Scientific classification
- Kingdom: Animalia
- Phylum: Chordata
- Class: Actinopterygii
- Order: Siluriformes
- Superfamily: Sisoroidea
- Families: Akysidae Amblycipitidae (Aspredinidae) Erethistidae Sisoridae

= Sisoroidea =

Superfamily of fishes

Sisoroidea is a superfamily of catfishes (order Siluriformes). It contains the four families Amblycipitidae, Akysidae, Sisoridae, and Erethistidae; many sources also include Aspredinidae. With Aspredinidae, this superfamily includes about 42 genera and 230 species.

==Taxonomy==
Sisoroidea is sister to the Loricarioidea. The monophyly of this superfamily is supported by a number of morphological characters.

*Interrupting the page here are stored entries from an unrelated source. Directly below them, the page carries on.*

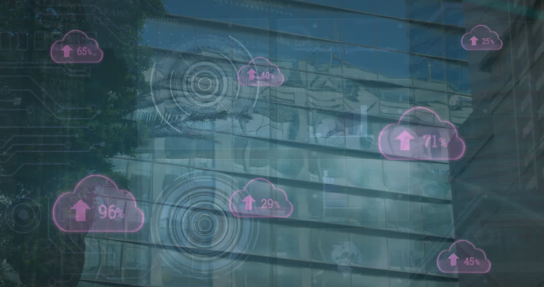This video illustrates a digital interface overlay on a cityscape, showcasing data processing in global finance and technology. The presence of modern buildings and cloud symbols suggests connectivity and trends in economy. Useful for topics related to digital technology, the finance sector, and smart city innovations.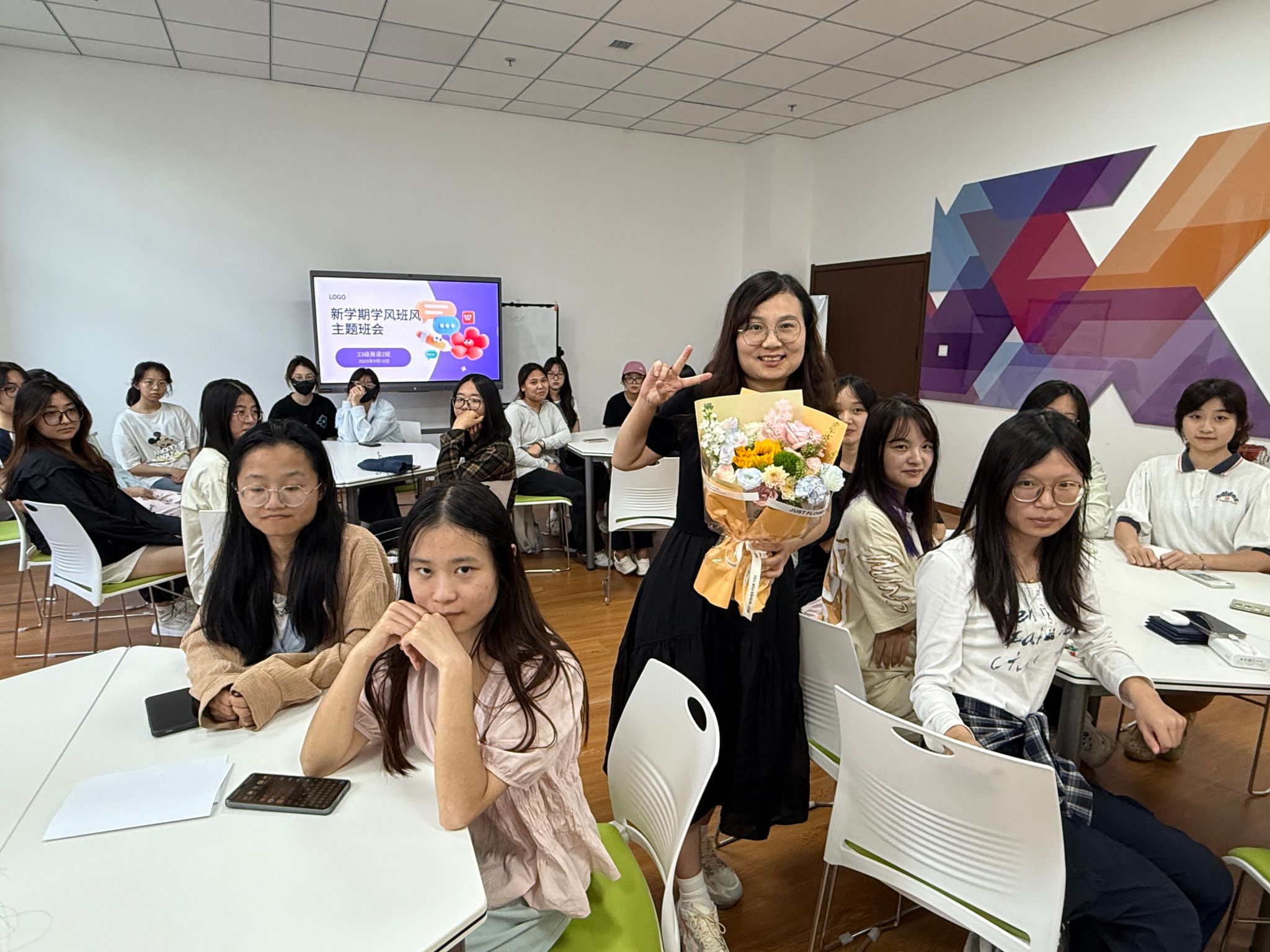 上课铃还未敲响,教室里就已经弥漫着期待与兴奋。伴随着熟悉的脚步声,英语系的老师们走进教室,同学们齐刷刷地站起身来,用最响亮、最真诚的声音送上节日的祝福:“老师,教师节快乐!”。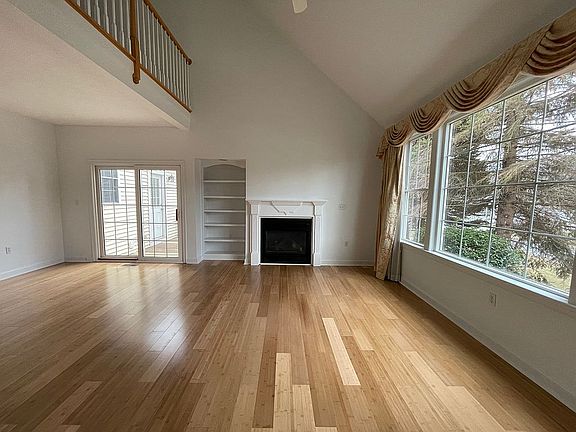 The living room opens to the deck, has a realistic looking (and WARM) electric fireplace, a HUGE picture window, and high ceilings that open to the loft above. (See pics.)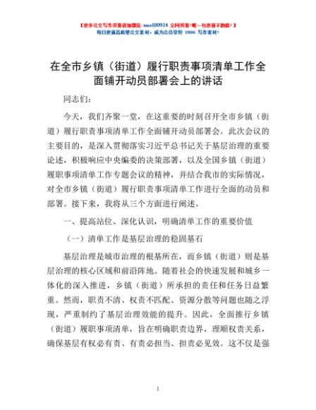 / 在全市乡镇(街道)履行职责事项清单工作全面铺开动员部署会上的讲话
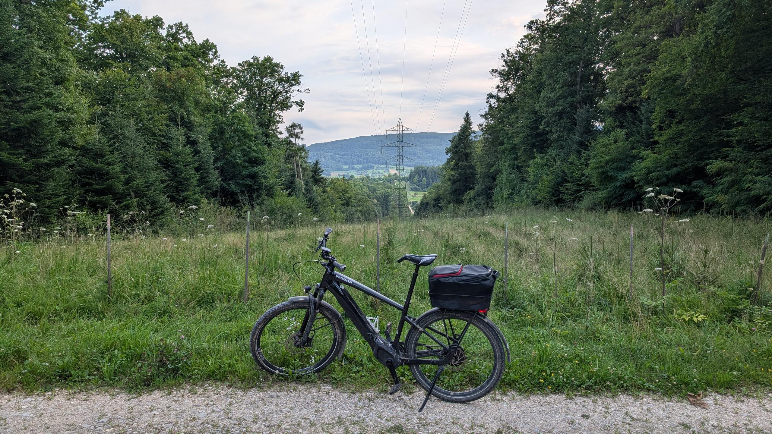 Photo of my bike on a gravel path in the woods. Behind the bike, tiny new pines grow. Overhead, power lines. A pylon can be seen in the distance.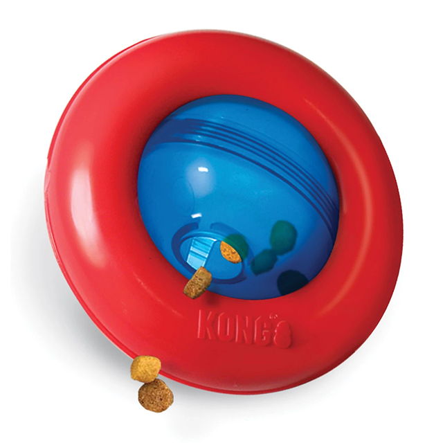 Butters loves the KONG Gyro Ball because it lets him turn his energy and curiosity into a job, batting it around and chasing it as it spins and dispenses treats. It keeps his busy brain working and gives Dayana a way to channel all that puppy chaos into focused play.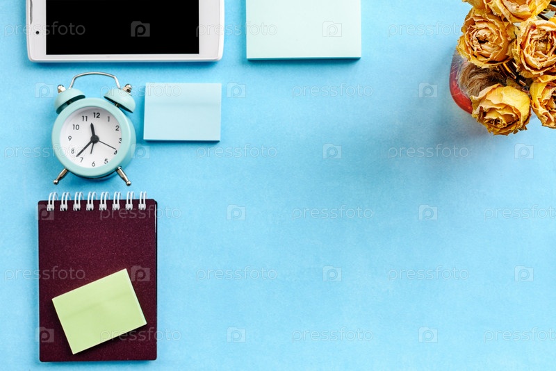 Вид сверху на офисный стол с канцелярскими принадлежностями. Макет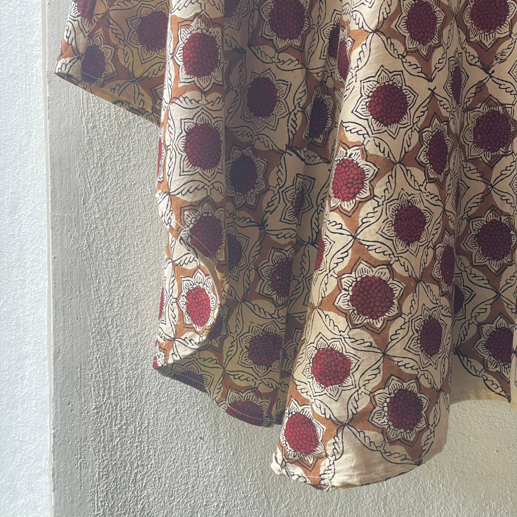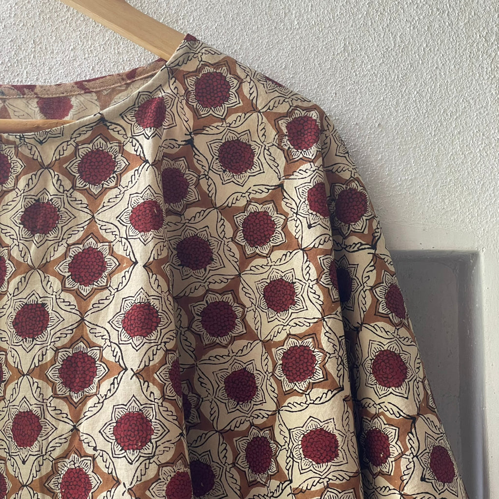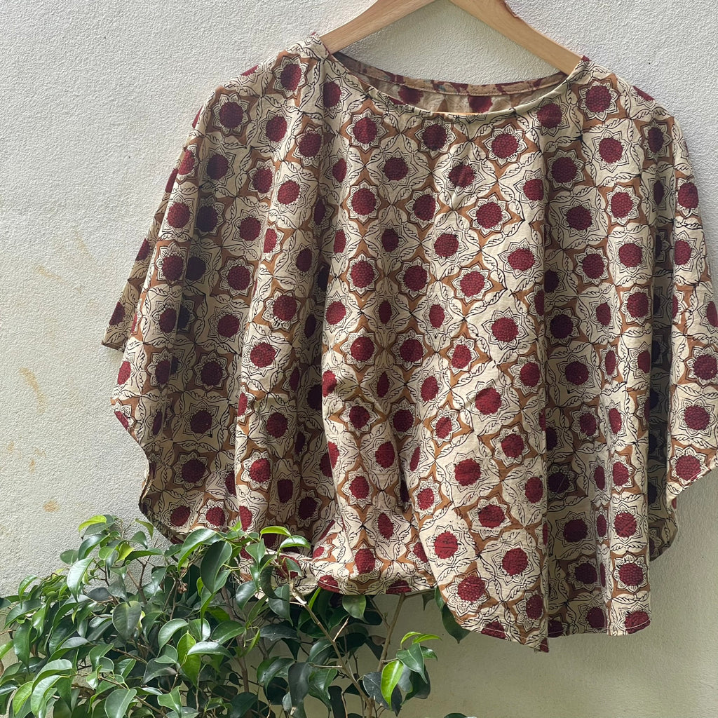 This contemporary silhouette blends traditional block-printed patterns with modern fashion, offering both comfort and style. Crafted from breathable cotton, it is ideal for India’s diverse climates. The charm of block printing lies in its handcrafted imperfections, showcasing the artisanal richness of Indian heritage. This centuries-old technique involves stamping intricate, hand-carved wooden blocks onto fabric, resulting in vibrant, culturally rooted designs. Lightweight and soft, block-printed cotton garments are versatile and comfortable for daily or festive wear. They pair well with skirts, shorts, jeans, or can be draped with a sari for a fresh, ethnic twist. Size: 43 inches x 20 inches ( Horizontal x Vertical )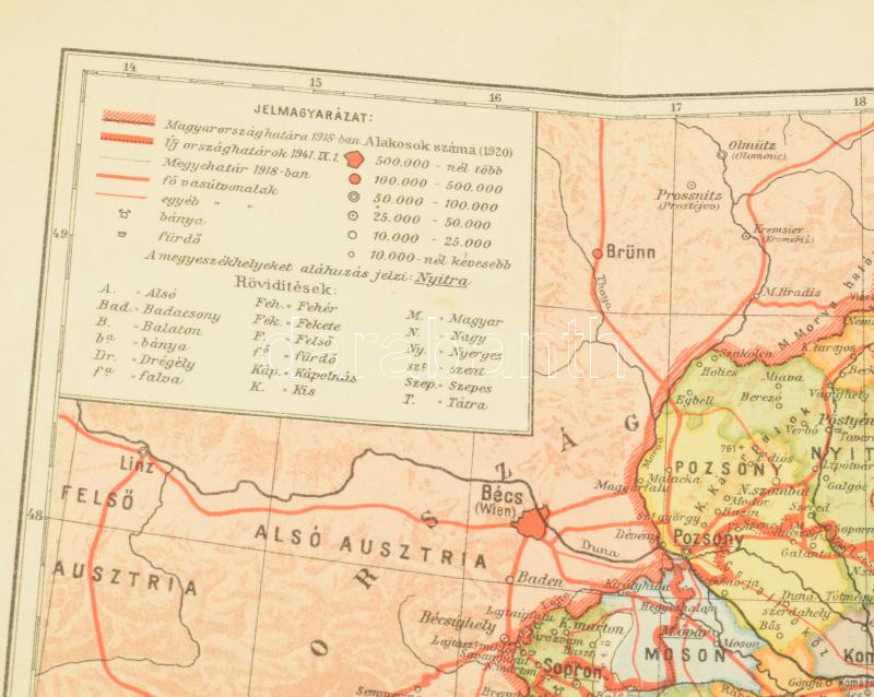 1943-ban kiadott közigazgatási térképünk a teljes történelmi Magyarországot ábrázolja; az 1938-as, 1939-es, 1940-es és 1941-es diplomáciai és katonai műveletek nyomán létrejött új határvonal feltüntetésével. A domborzati, vízrajzi, településhálózati és közlekedésföldrajzi részleteken kívül érdekes részlet, hogy lapunk az 1918-ig érvényes megyebeosztást tartalmazza. A geopolitikai helyzetnek megfelelően nyugati és északi szomszédunk Németország, keleten Románia látható (a bukovinai székely települések esetén magyar megnevezésekkel), délen Szerbia, Bosznia és Horvátország államai. Szlovénia helyén Krajna tartomány, az olasz törekvéseknek megfelelően Dalmácia olasz ellenőrzés alatt. A jobb felső sarokban Budapest melléktérképe. Térképlapunkon halvány elszíneződés, a hajtások mentén apró szakadásnyomok, hátoldalán kisebb foltosság és kézi számolás.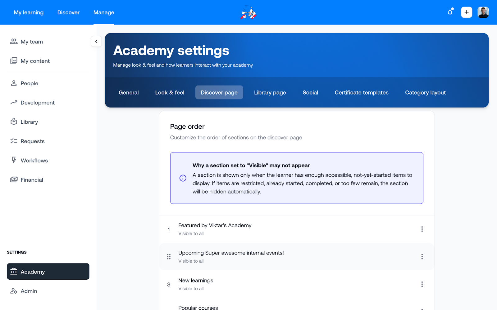 Im vorherigen Release erhielten LMS Manager mehr Kontrolle über die Entdecken Seite, mit der Möglichkeit, die Reihenfolge festzulegen, in der verschiedene Lernformate angezeigt werden.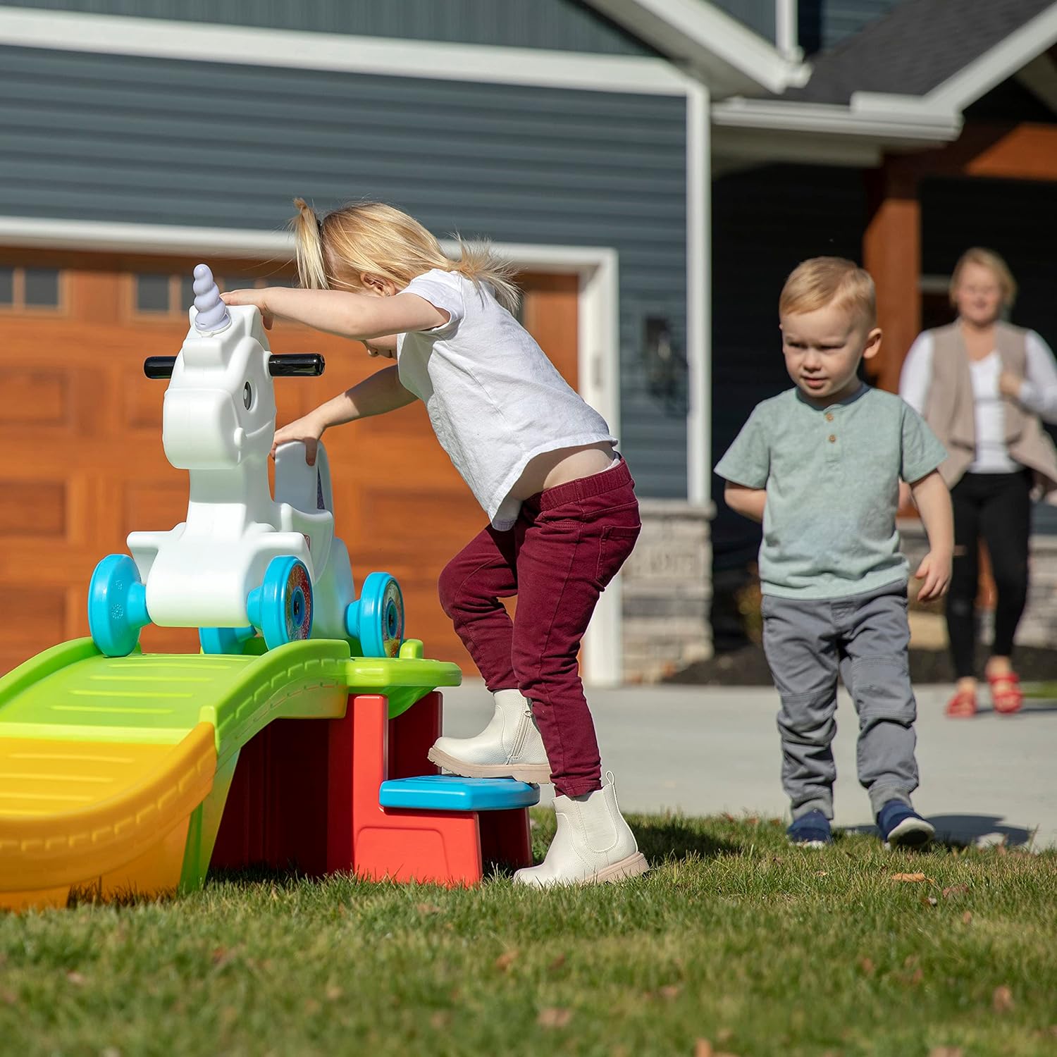 - OUTDOOR PLAYSET: Long 9-foot roller coaster track. unicorn coaster car. kids 2 - 5 years old. encourages independent play
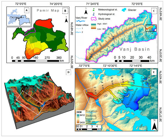 (A,B) The location of Pamir region in the map of Tajikistan (solid black line in figure (A)), (C) Vanj River Basin with Medvezhiy glacier (inset), (D) 3D Medvezhiy glacier model, and (E) glacier outlines and water inflow (manually digitized from Landsat image, 1973) and DEM.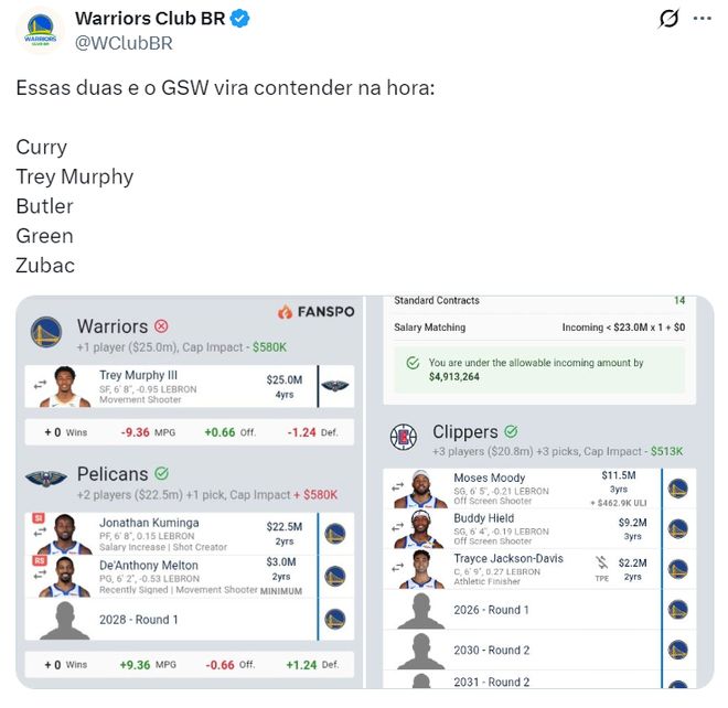 勇媒Warriors Club BR还真模拟了两套方案换取墨菲与祖巴茨,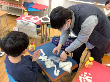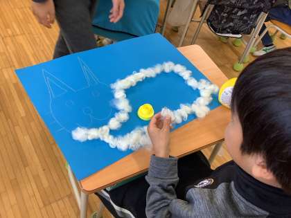 綿を貼ってふわふわの動物を作っています。 かわいい動物に仕上がりそうです。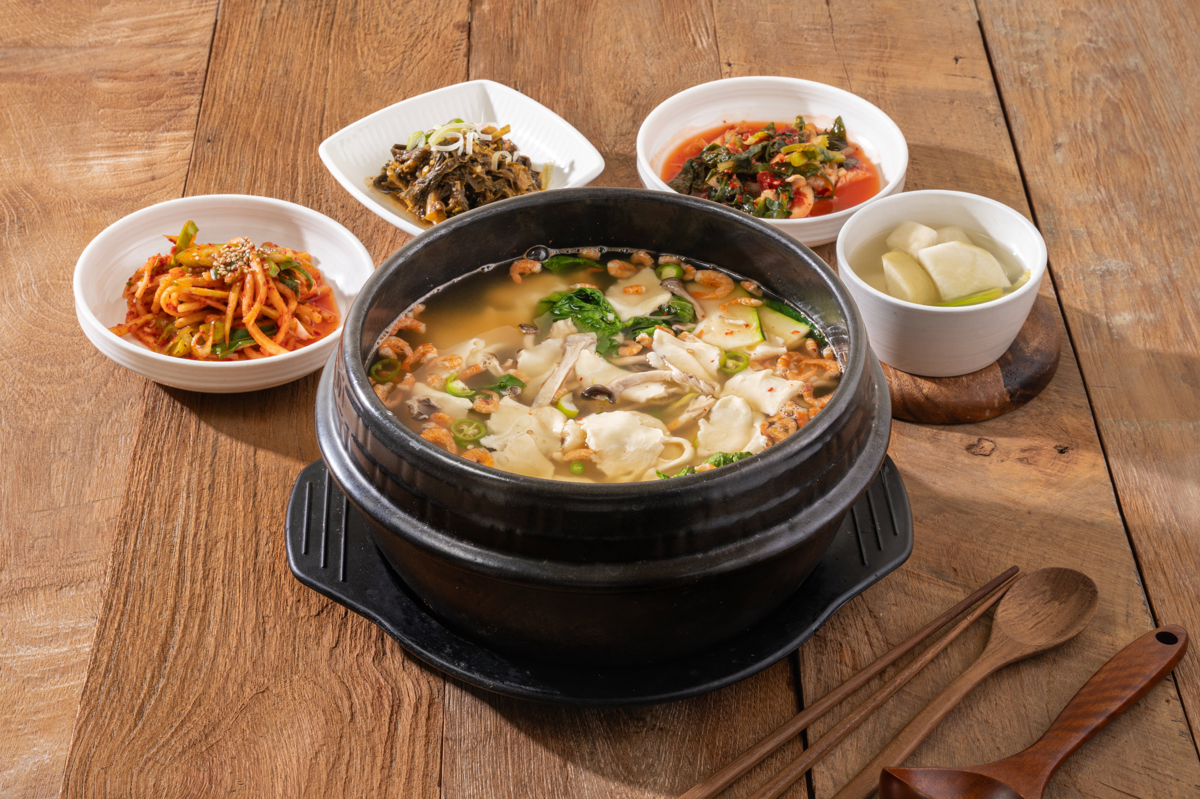 주문 후 빠르게 차려지는 기본 반찬들! 시원한 동치미와 김치, 쌈 채소 (상추, 깻잎), 매콤한 무생채까지, 하나하나 정갈하고 맛있었어요. 특히 무생채는 청국장에 비벼 먹으니 아삭한 식감이 더해져 최고!

Amblycipitidae is the most basal family and is sister to the remaining families. Based on morphological data, Erethistidae is the sister group to Aspredinidae, with Sisoridae being the sister group of the clade formed by these two families. However, it has been proposed to move the erethistid genera back into Sisoridae. Also, some authors have removed Aspredinidae from Sisoroidea, having found it to be more closely related to Doradoidea (Doradidae, Auchenipteridae, and possibly Mochokidae) with morphological and molecular evidence.

==Distribution==
Sisoroidea includes almost exclusively Asiatic catfish families with the exception of Aspredinidae, which is native to South America.